For the full benchmark data, see /check/wan-2-2/rtx-4090.
Troubleshooting
CLI path errors with "CUDA out of memory" at 24 GB
Confirm all three offload flags are present: --offload_model True --convert_model_dtype --t5_cpu. Removing any of the three drops you onto the 80 GB path the Wan-AI README reserves for workstation GPUs. If you still OOM with all three flags engaged, switch to Path A — ComfyUI's runtime offloader is more aggressive than the CLI's static three-flag setup and the official tutorial documents a much lower floor.

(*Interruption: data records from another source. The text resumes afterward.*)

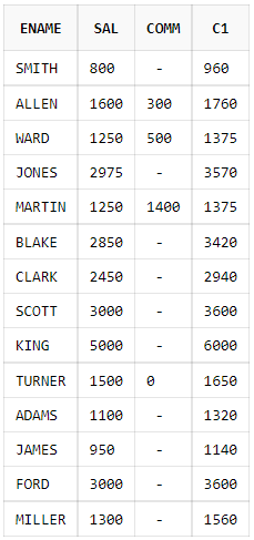 SELECT ename, sal, comm, sal + (sal * NVL2(comm, 0.1, 0.2)) AS c1 FROM emp;
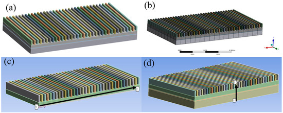 The thermomechanical behavior of the packaging system was analyzed using ANSYS 2021 R2 employing a sequentially coupled approach to integrate steady-state thermal analysis with static structural mechanics. Hexahedral-dominated meshes (Figure 2b) were generated with local refinement (0.2 mm at critical interfaces) to resolve thermal gradients. Transient thermal analysis was performed with a Newton–Raphson nonlinear solver, incorporating temperature-dependent material properties for gradient layers (Figure 1) through user-defined field functions. The chip power profile followed a trapezoidal waveform (50–300 W, 5 s ramp/plateau), while convective cooling (h = 1200 W/m2·K) was applied to fin surfaces using SURF152 elements. The 5 s ramp-up to 300W thermal load condition simulates the real transient scenarios of high-power electronic devices, such as the IGBT switching surge in electric vehicle inverters. Structural analysis utilized the full Newton–Raphson method with large deformation effects activated, resolving contact nonlinearities at interfaces via augmented Lagrange formulation (penalty factor: 0.1; friction coefficient: 0.25). This paper investigates the stress and strain in the axial and radial directions using simulation models, as shown in Figure 2c,d.
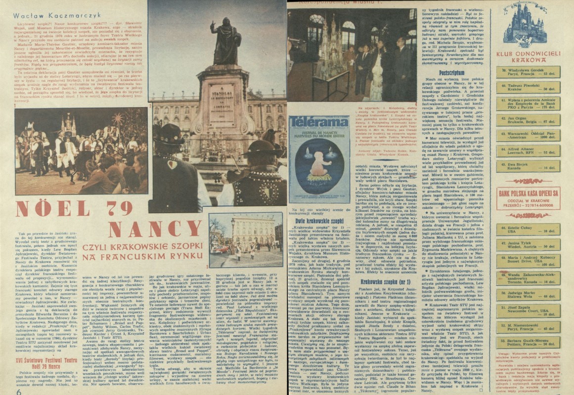 Archiwum / Relacja nr 1818 (06/1980) 76130/123969 Podziel się Tytuł Noel 79 Nancy Autor Wacław Kaczmarczyk Kategoria Relacja Artykuł z numeru 1818 (6/1980) Data wydania 10 lutego 1980
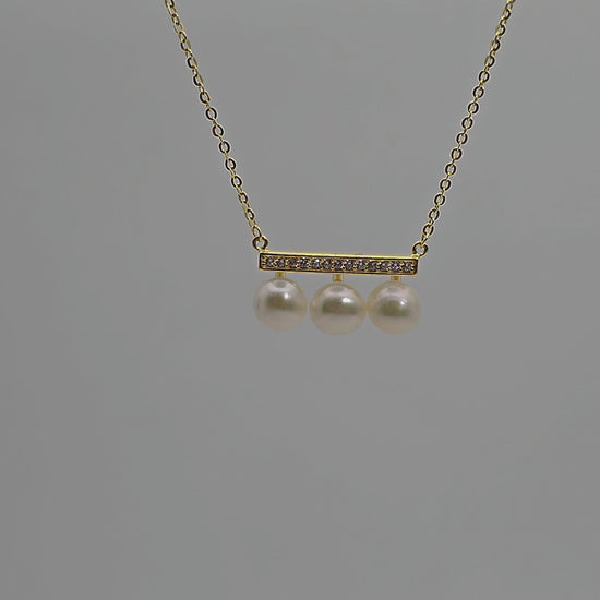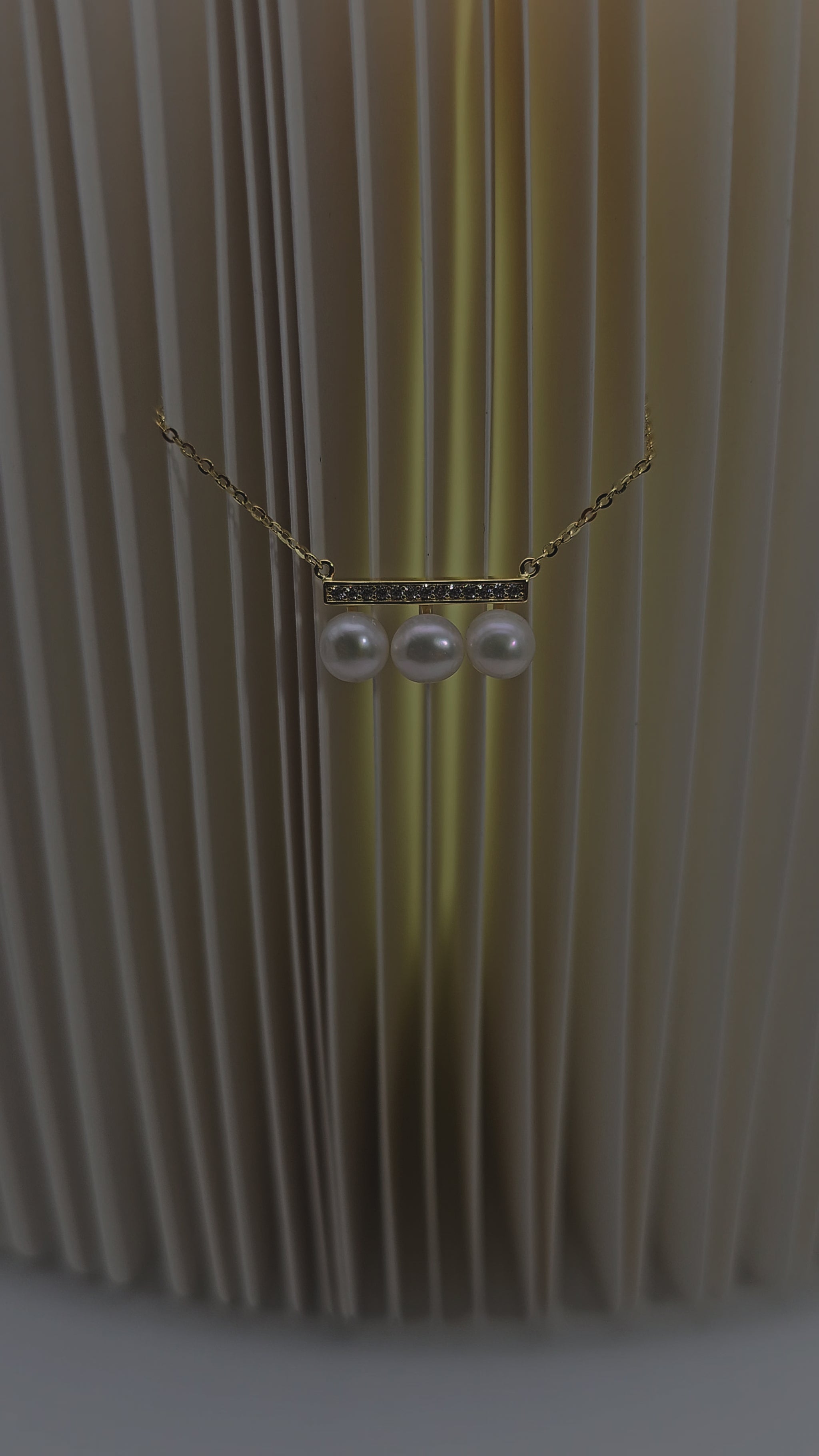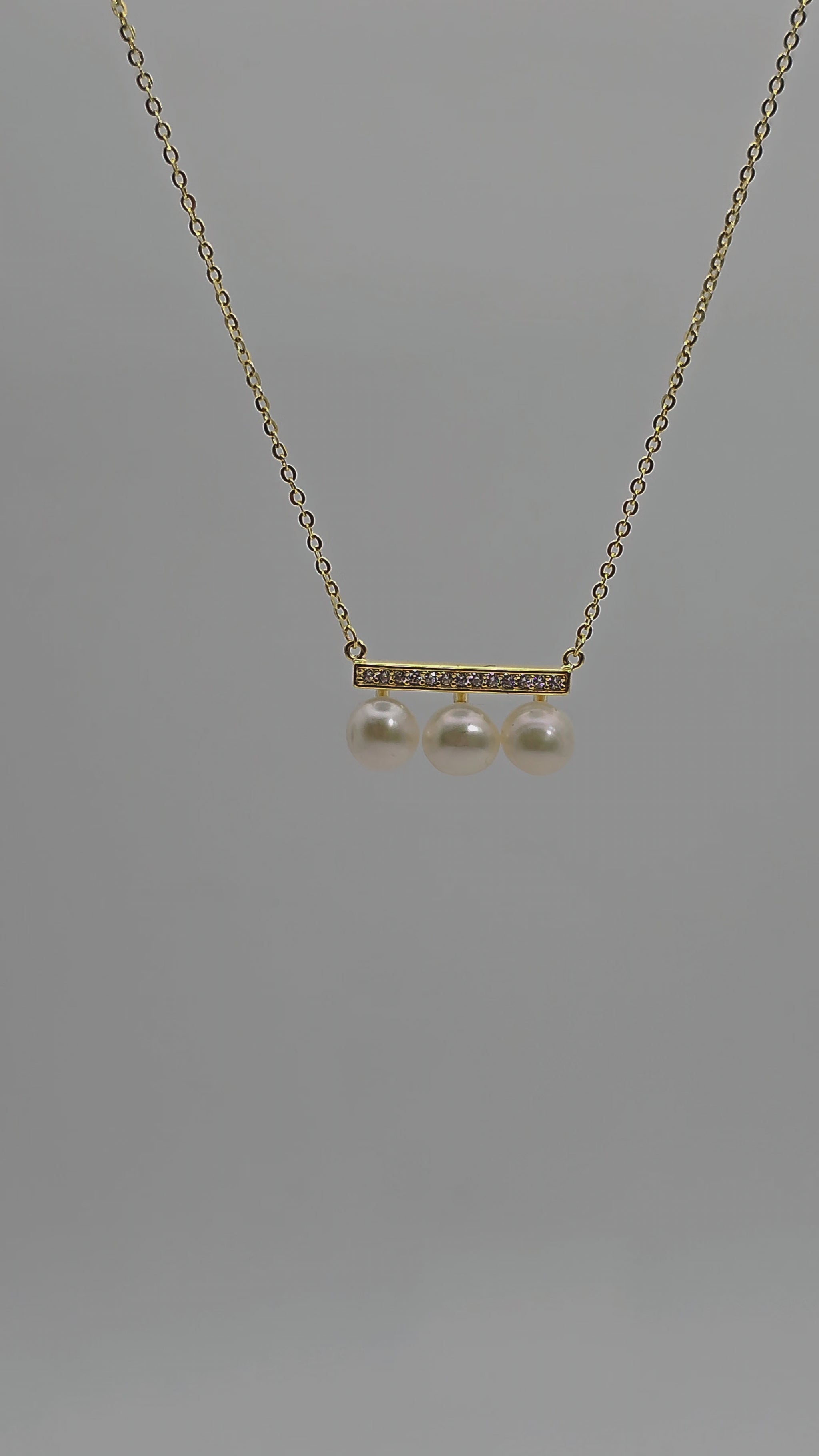 Balance Beam Necklace – Trio Pearls on Solid Sterling Silver
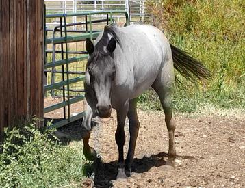 STARLIGHTS ATHENA (Athena) is a homozygous black and homozygous roan mare with foundation bloodlines. Their foal will be either blue roan or bay roan. 15 HH
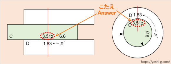 (2)C 尺とD 尺の基線が合っているのを確認して、 \( \rho ‘ \) にカーソル線を合わせます。C 尺とD 尺のどちらに \( \rho ‘ \) があっても大丈夫です。
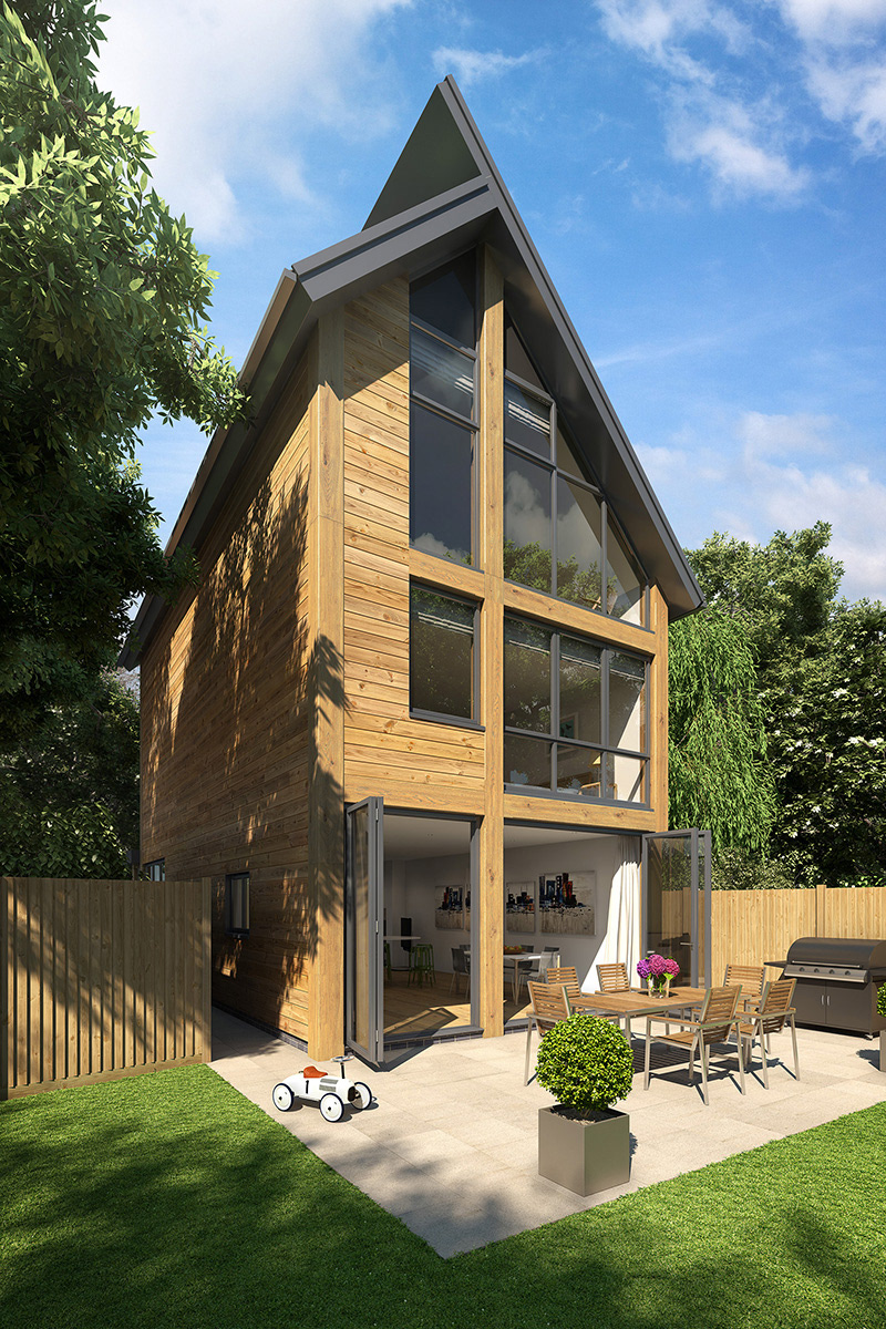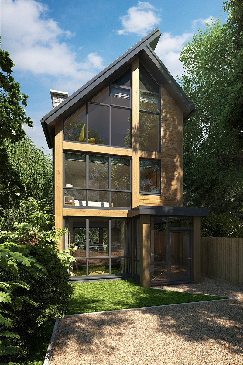 Marketing CGIs for a contemporary oak framed family home, designed to work in harmony with it's surroundings in Chislehurst, UK.
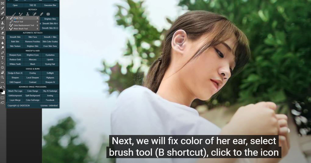 (4). Next, we will fix color of her ear, select brush tool (B shortcut), click to the icon below black and white color. It's “edit in quick mask mode” (Q shortcut). After you are choosing that mode, the layer filled with red, then just paint over her ear and click again to the quick mask to turn it off. Now, her ear is selected.
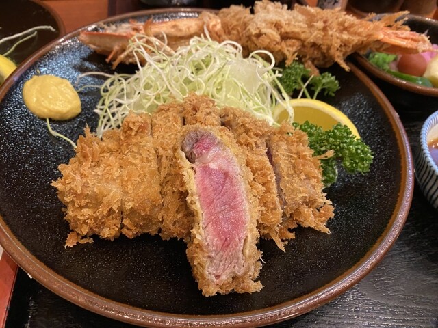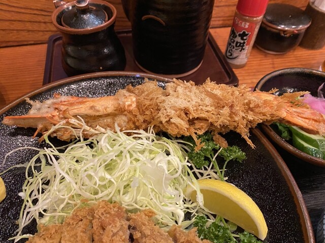 牛カツセット、大海老フライ (2025年3月28日撮影)
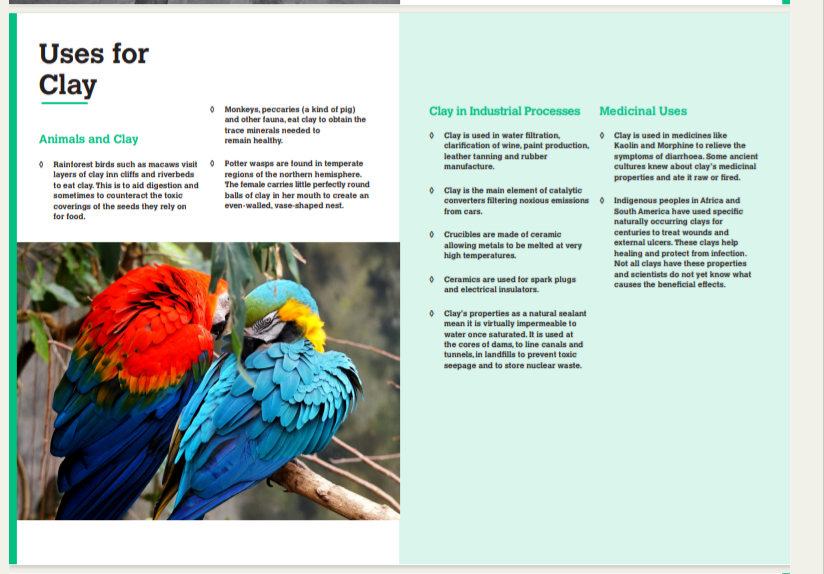 No other earth material has so wide an importance or such extended uses as do the clays. They are used in a wide variety of industries. As soils, they provide the environment for almost all plant growth and hence for nearly all life on the Earth's surface. They provide porosity, aeration, and water retention and are a reservoir of potassium oxide, calcium oxide, and even.

Faster generation on a 4090
The first-party "under 9 minutes" figure assumes no specific optimization. Community LoRAs (e.g. 4-step / 8-step distillation variants) and ComfyUI runtime optimizations have shipped for the 5B model after the README was published — track the Wan-AI HF repo and the official Wan2.2 GitHub for distilled variants. Report measured timings via /contribute — the DB benchmark row is currently variant-ambiguous and a TI2V-5B-explicit RTX 4090 measurement would replace it.
Want the 14B variants on this 24 GB card?
The native 14B path needs 80 GB. The Wan 2.2 14B recipe walks through the FP8-scaled Comfy-Org repackaged path that loads one timestep-MoE expert at a time (high-noise then low-noise, ~14 GB each at FP8) — that brings the 14B family into 24 GB with output quality close to the native precision.